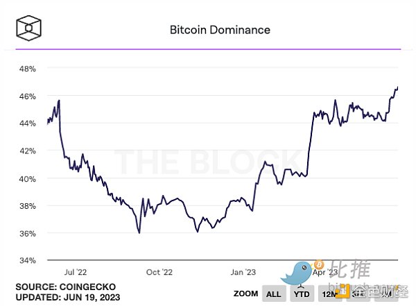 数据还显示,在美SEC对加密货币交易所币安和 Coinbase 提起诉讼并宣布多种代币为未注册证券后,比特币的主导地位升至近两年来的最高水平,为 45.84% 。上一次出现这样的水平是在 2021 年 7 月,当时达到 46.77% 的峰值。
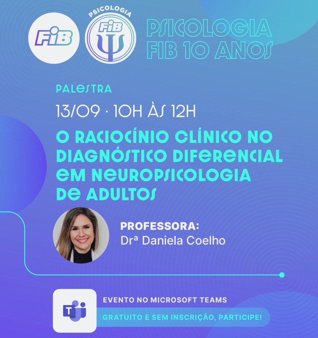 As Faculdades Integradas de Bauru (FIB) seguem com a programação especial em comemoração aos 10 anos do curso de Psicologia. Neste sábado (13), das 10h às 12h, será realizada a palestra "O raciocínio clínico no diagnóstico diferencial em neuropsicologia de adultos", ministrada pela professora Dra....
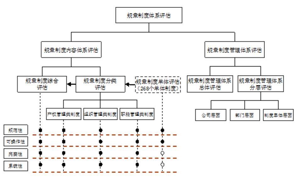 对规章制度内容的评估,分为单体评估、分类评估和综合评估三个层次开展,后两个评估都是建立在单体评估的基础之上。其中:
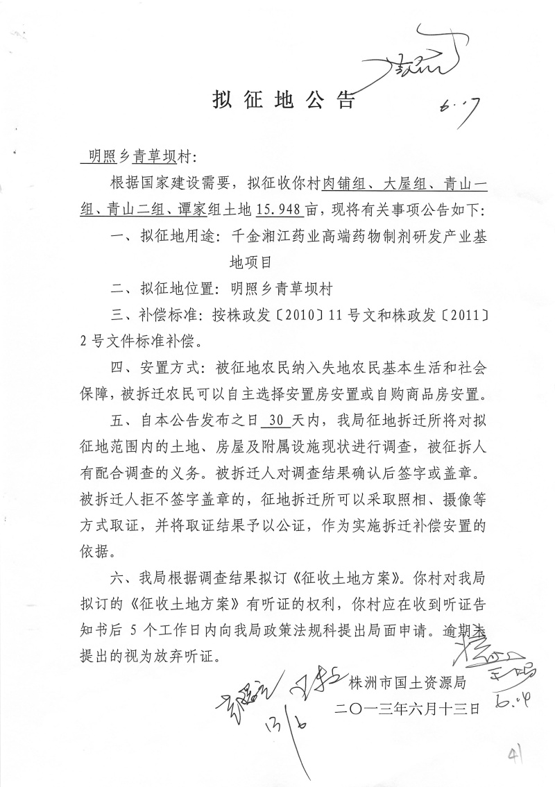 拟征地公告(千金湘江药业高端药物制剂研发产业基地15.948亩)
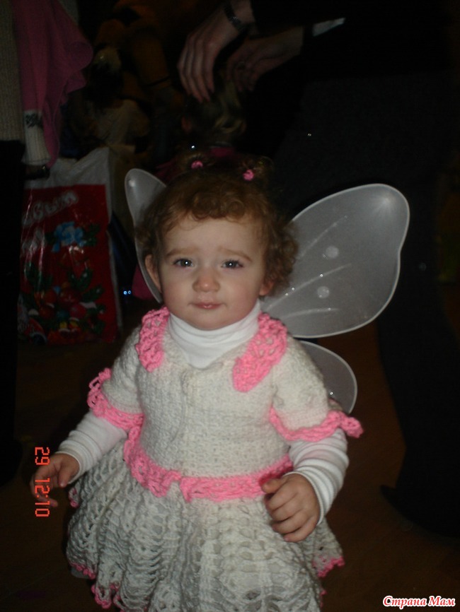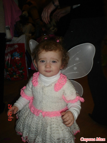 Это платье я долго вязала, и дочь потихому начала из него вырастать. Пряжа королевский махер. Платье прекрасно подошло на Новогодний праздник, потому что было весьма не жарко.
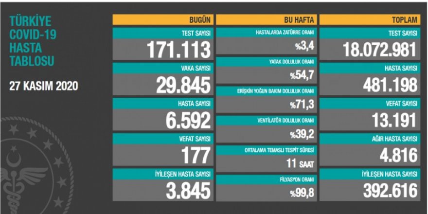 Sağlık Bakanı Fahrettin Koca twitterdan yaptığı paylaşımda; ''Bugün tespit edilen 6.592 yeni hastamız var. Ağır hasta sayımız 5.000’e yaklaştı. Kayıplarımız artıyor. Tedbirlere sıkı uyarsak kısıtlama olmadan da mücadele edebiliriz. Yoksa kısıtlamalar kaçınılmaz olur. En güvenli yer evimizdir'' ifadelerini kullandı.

· · · · ·

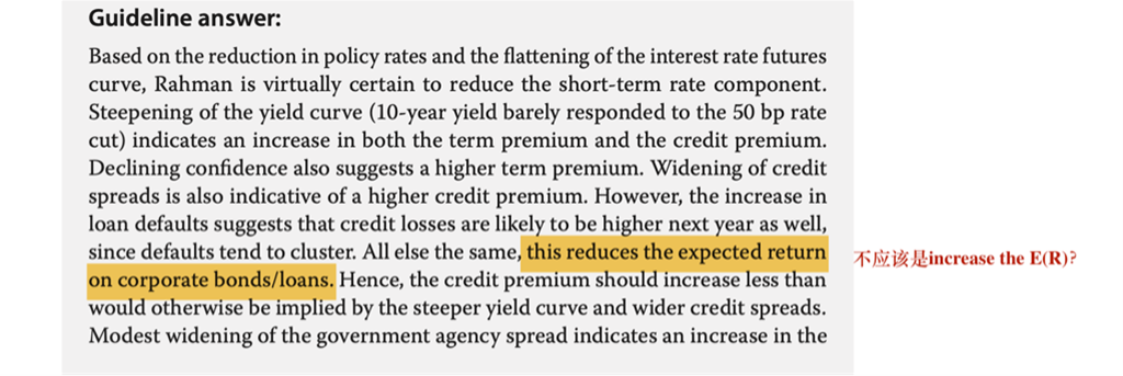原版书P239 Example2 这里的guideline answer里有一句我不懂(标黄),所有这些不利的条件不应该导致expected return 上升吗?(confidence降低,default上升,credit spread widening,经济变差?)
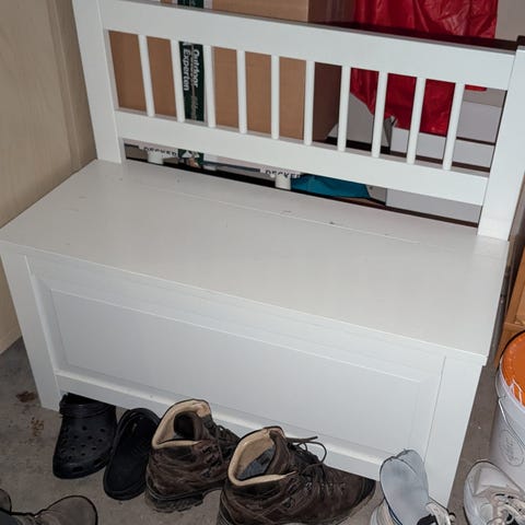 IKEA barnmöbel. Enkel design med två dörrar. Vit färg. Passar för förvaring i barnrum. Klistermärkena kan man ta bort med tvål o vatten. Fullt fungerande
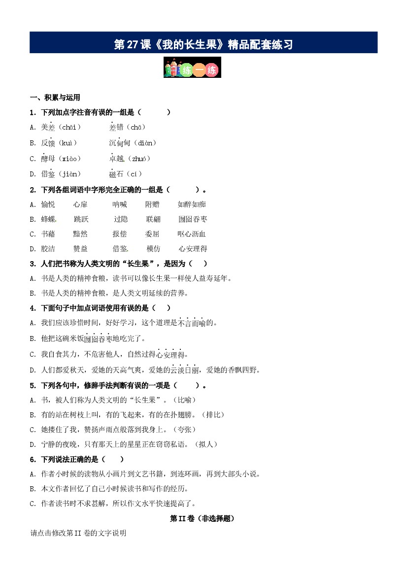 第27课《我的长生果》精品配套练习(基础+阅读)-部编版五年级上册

· · · · ·

ACTIVITY:
Copy everything above from the line holding "原版书P239 Example2 这里的guideline" down to the line holding "第27课《我的长生果》精品配套练习(基础+阅读)-部编版五年级上册", both ends included, exactly as it stands and without the pictures.

ANSWER SECTION:
原版书P239 Example2 这里的guideline answer里有一句我不懂(标黄),所有这些不利的条件不应该导致expected return 上升吗?(confidence降低,default上升,credit spread widening,经济变差?)
 IKEA barnmöbel. Enkel design med två dörrar. Vit färg. Passar för förvaring i barnrum. Klistermärkena kan man ta bort med tvål o vatten. Fullt fungerande
 第27课《我的长生果》精品配套练习(基础+阅读)-部编版五年级上册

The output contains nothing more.